Os olhos da tarde
Essa tarde molenga está me seguindo,
espiando pela fresta descuidada, sinto;
quase toda a noite com sua trança calada
cobre a tarde, mas ela tem olhos de canto.
De qual estrela desabou ela adormecida,
tão peregrina perdida como eu, vagando
há tanto tempo em imensa transparência
de lua, escondida por cima bruma tardia?
Escapoliu das sombras quando a luz a fez
deslizar pelos tons da melodia alaranjada,
para me ver chorar com a face muito pálida,
debruçada na sua máscara, agora bonzeada,
já chama pela noite, que venha de uma vez,
com o seu manto negro acalmar-me a vida!
Quem teria sido esta tarde que me acalenta
nos braços, onde tamanha inocência dorme?
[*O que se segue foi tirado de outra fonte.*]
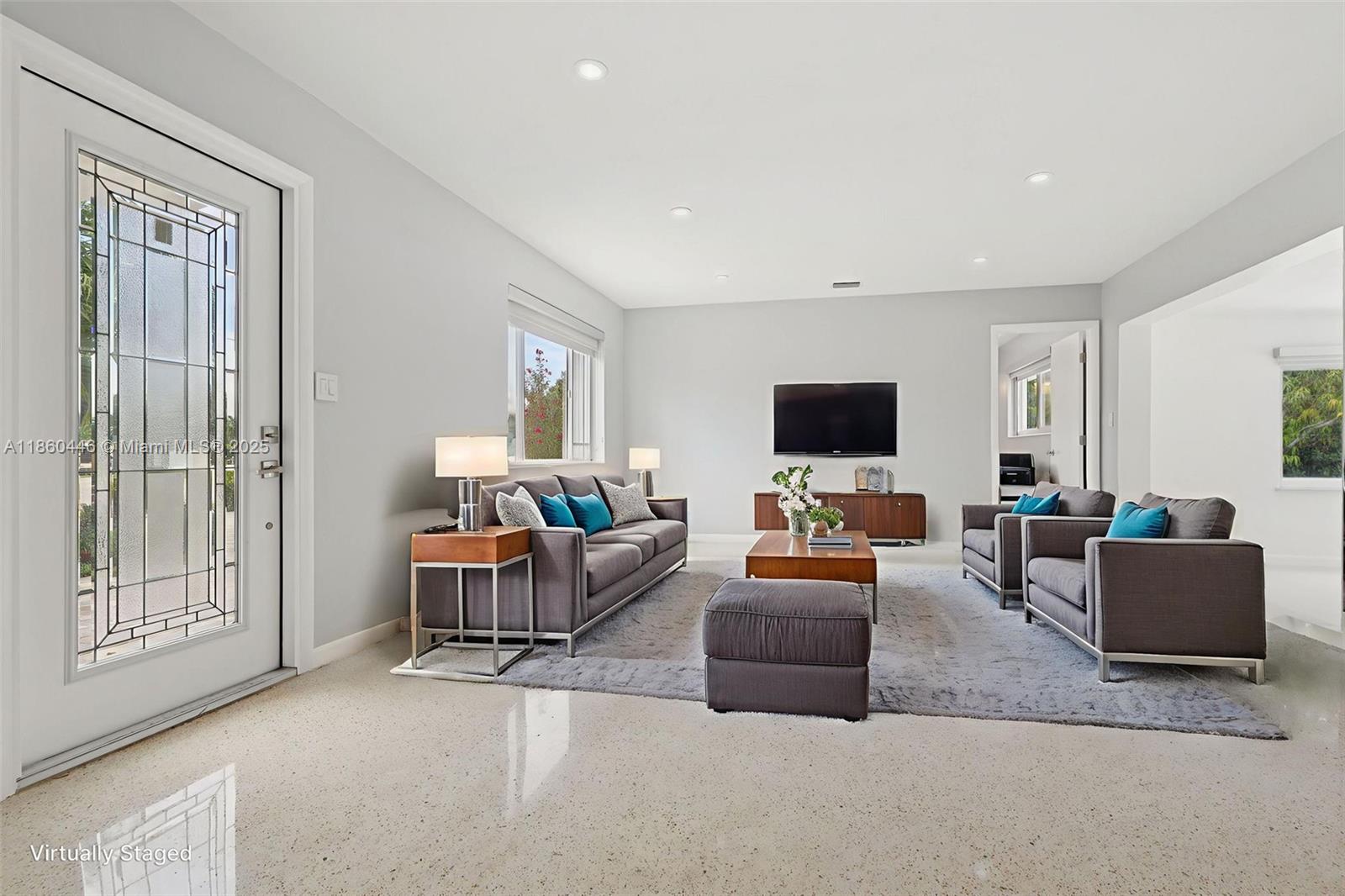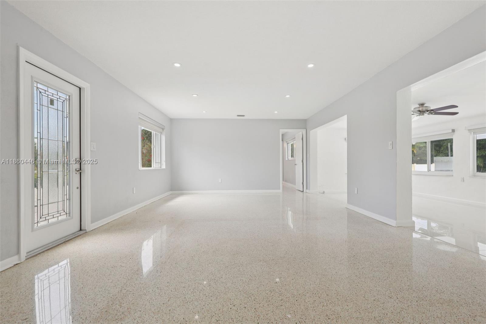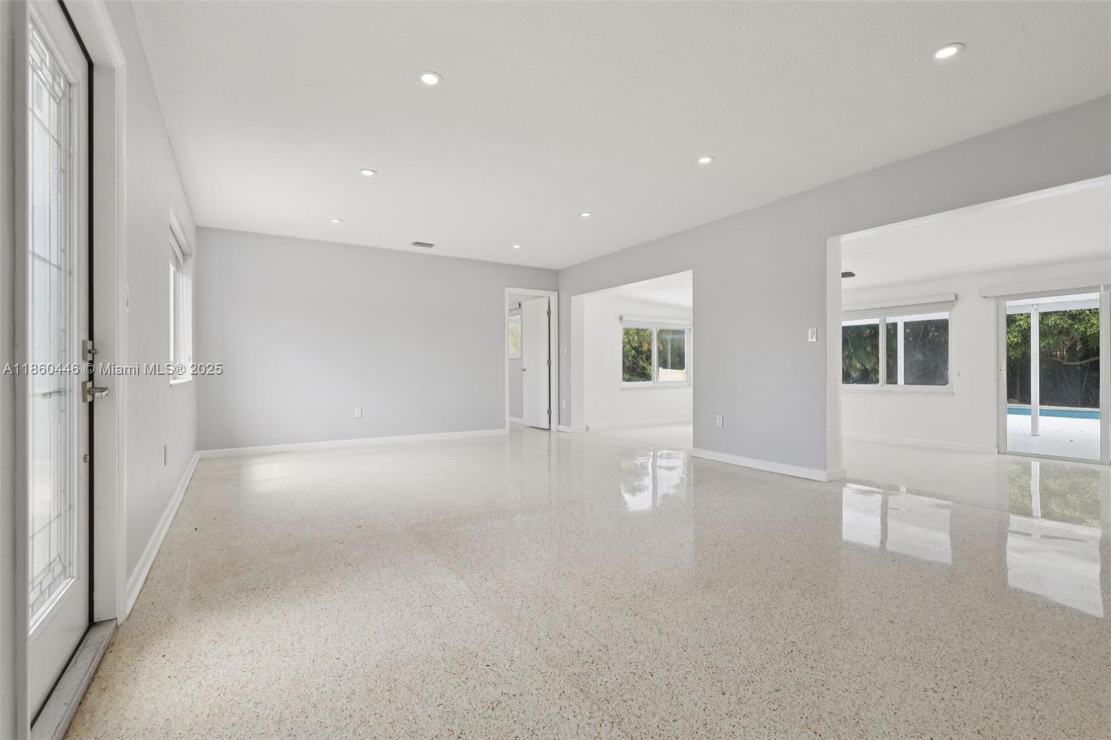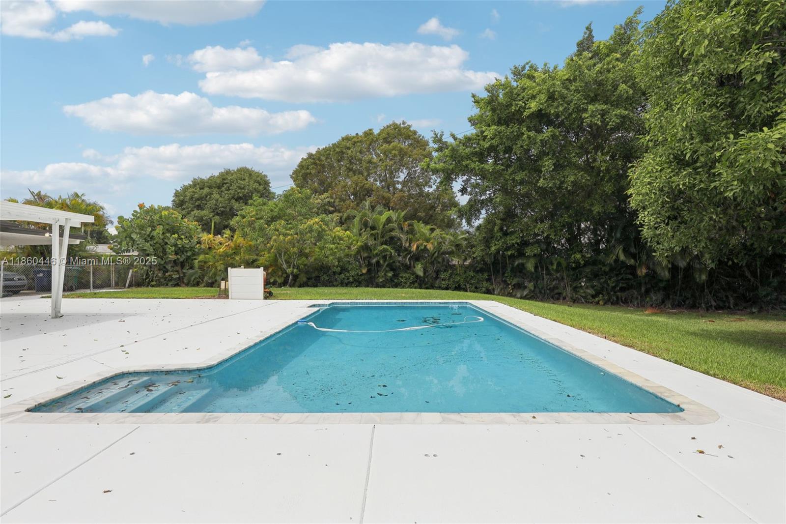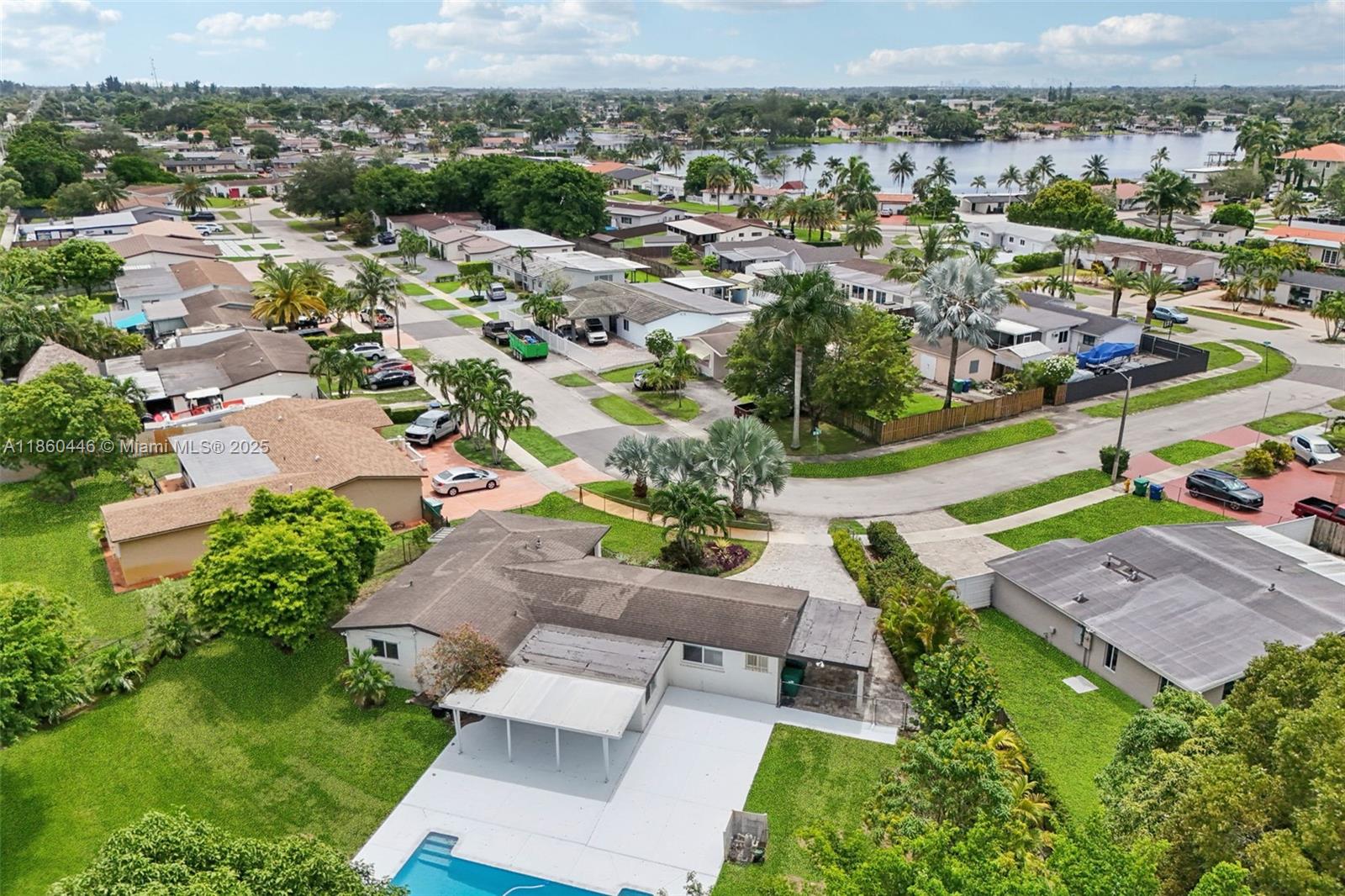 Beautifully maintained 3-bedroom, 2-bathroom, 1 car garage home offering 1,558 sq ft (as per appraisal) of comfortable living space on an incredible 18,491 sq ft lot. Enjoy a recently resurfaced oversized pool—perfect for relaxing or entertaining. Step inside to find an open layout boasting an updated kitchen with gas stove and beautiful porcelain and terrazzo floors. The bathrooms have been recently renovated with modern finishes. The home is secured with impact windows and doors throughout, with just three openings protected by accordion shutters, qualifying you for the full insurance discount. Additional highlights include a large driveway with stylish pavers redone in 2024, built in closets, gas water heater as well as a freshly painted exterior. This home in move in ready!

um veleiro abandonada no cais, que enfrenta
seu destino solitário na imensidão sem leme?
Ou a noite disfarçada, diante da porta abeta,
observando aquele que como eu se consome?
Desde sempre, as noites são tão claras, que nelas
há um deserto de praias, com olhos reflorescendo
sonhos falsos ao sabor de uma tarde de estrelas,
na unção divina vê-se a prata no alto enluarando
a floresta que reluz ingênuo e manso raio d’ouro;
e a longa e tranqüila tarde entardece mais um dia,
a mim, que não nunca a vi em tamanha harmonia!